═══ Provided data

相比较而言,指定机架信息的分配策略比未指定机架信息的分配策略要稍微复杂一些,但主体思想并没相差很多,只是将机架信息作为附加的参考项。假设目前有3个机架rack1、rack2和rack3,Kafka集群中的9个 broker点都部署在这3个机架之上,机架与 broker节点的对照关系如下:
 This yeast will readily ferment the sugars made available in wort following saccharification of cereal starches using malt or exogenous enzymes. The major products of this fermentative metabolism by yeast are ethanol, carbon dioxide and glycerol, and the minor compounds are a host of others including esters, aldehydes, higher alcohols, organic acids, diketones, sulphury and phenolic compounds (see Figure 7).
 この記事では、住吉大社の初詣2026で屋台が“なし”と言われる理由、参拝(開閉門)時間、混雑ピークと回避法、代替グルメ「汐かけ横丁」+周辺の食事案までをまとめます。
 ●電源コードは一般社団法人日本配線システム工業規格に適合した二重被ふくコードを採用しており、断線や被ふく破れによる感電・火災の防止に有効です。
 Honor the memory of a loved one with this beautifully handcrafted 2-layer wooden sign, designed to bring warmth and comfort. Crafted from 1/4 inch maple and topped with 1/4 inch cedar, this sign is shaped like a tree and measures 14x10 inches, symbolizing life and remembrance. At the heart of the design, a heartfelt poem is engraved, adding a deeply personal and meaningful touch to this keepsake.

══════
═══ Provided data

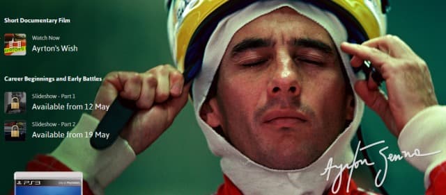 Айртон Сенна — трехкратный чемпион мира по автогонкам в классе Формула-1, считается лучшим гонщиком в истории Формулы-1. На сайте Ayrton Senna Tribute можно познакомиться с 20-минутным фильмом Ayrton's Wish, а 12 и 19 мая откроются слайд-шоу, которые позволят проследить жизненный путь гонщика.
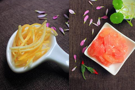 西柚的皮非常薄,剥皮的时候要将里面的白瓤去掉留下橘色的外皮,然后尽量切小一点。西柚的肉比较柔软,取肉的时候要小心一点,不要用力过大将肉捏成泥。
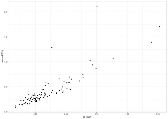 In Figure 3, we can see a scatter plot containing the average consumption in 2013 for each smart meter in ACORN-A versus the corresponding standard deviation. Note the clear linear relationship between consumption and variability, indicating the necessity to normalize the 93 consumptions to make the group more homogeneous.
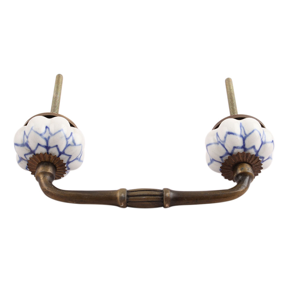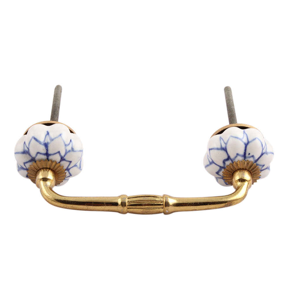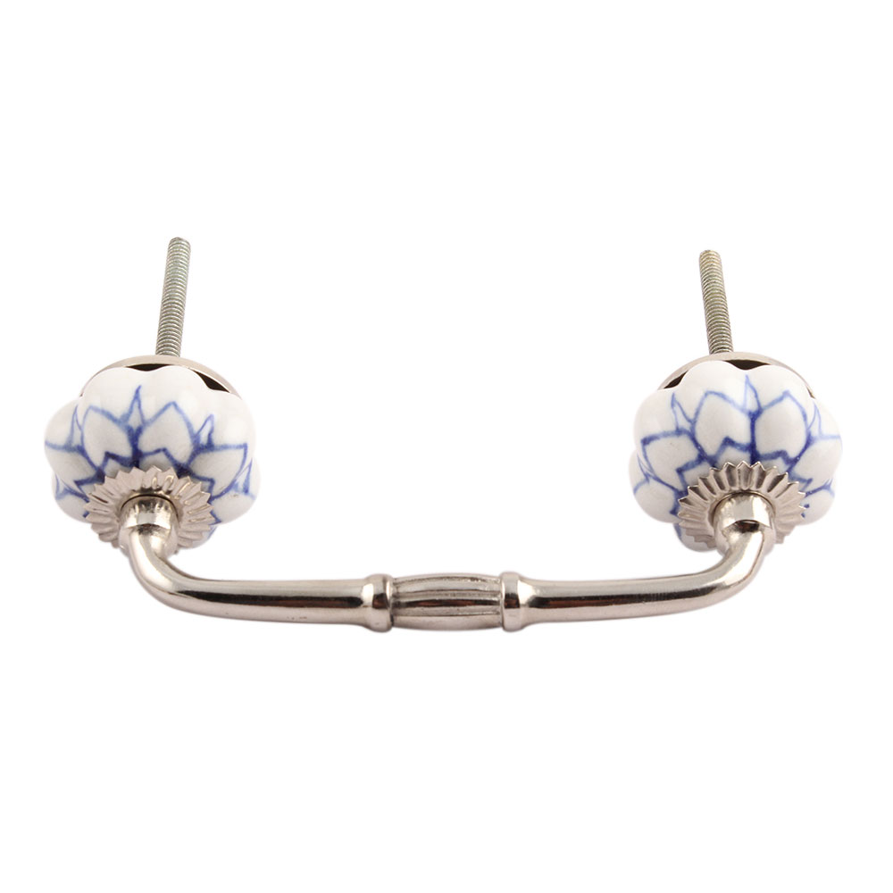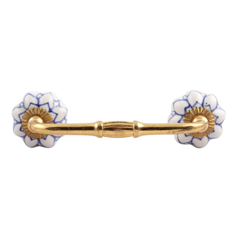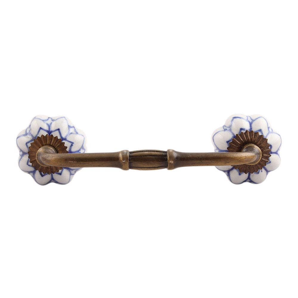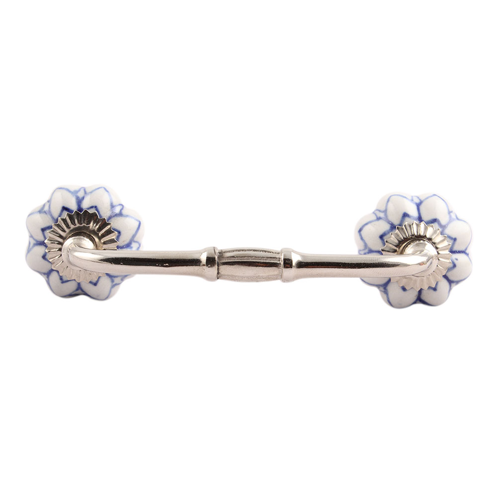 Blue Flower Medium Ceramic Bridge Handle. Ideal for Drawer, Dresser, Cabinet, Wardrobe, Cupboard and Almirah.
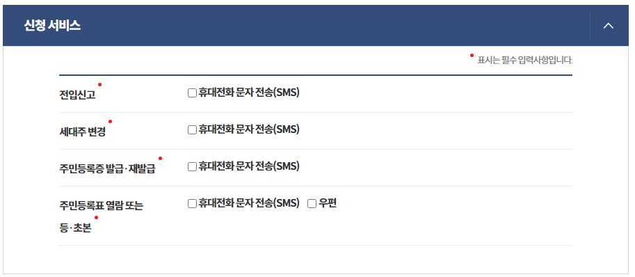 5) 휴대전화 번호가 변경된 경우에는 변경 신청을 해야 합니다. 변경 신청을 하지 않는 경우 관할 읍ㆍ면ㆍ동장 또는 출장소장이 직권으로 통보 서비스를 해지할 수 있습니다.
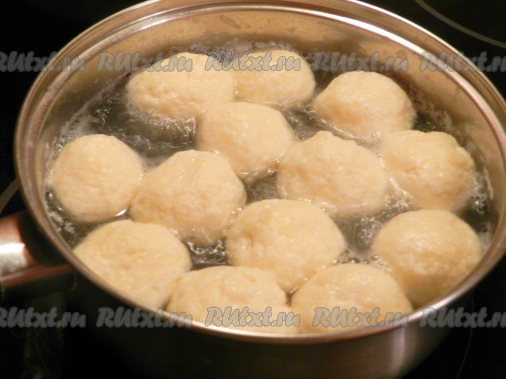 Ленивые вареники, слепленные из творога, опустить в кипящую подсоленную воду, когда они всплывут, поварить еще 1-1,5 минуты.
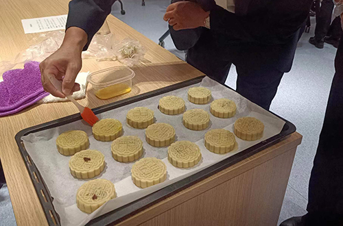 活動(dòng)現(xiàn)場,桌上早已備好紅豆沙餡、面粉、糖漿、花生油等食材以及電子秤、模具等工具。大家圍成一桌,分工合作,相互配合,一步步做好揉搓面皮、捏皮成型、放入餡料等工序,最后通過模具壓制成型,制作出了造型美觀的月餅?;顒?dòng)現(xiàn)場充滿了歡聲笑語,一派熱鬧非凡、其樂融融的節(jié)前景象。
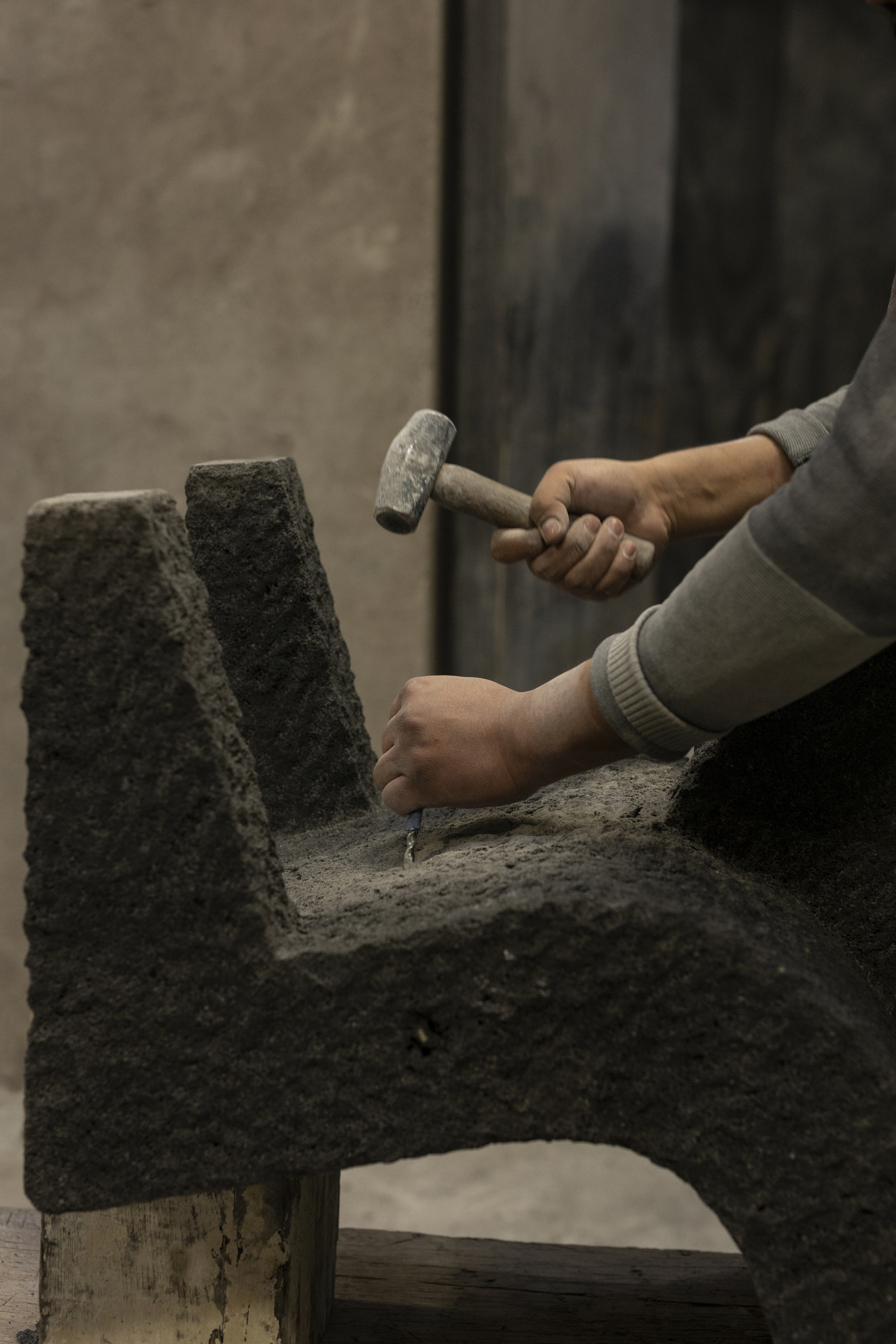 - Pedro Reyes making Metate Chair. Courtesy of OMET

══════

◆ Task brief ◆
From the records above, write out exactly the lines that begin at the line with "Blue Flower Medium" and end at the line with "- Pedro Reyes". Pictures must not appear in the output.

◆ Reply ◆
 Blue Flower Medium Ceramic Bridge Handle. Ideal for Drawer, Dresser, Cabinet, Wardrobe, Cupboard and Almirah.
 5) 휴대전화 번호가 변경된 경우에는 변경 신청을 해야 합니다. 변경 신청을 하지 않는 경우 관할 읍ㆍ면ㆍ동장 또는 출장소장이 직권으로 통보 서비스를 해지할 수 있습니다.
 Ленивые вареники, слепленные из творога, опустить в кипящую подсоленную воду, когда они всплывут, поварить еще 1-1,5 минуты.
 活動(dòng)現(xiàn)場,桌上早已備好紅豆沙餡、面粉、糖漿、花生油等食材以及電子秤、模具等工具。大家圍成一桌,分工合作,相互配合,一步步做好揉搓面皮、捏皮成型、放入餡料等工序,最后通過模具壓制成型,制作出了造型美觀的月餅?;顒?dòng)現(xiàn)場充滿了歡聲笑語,一派熱鬧非凡、其樂融融的節(jié)前景象。
 - Pedro Reyes making Metate Chair. Courtesy of OMET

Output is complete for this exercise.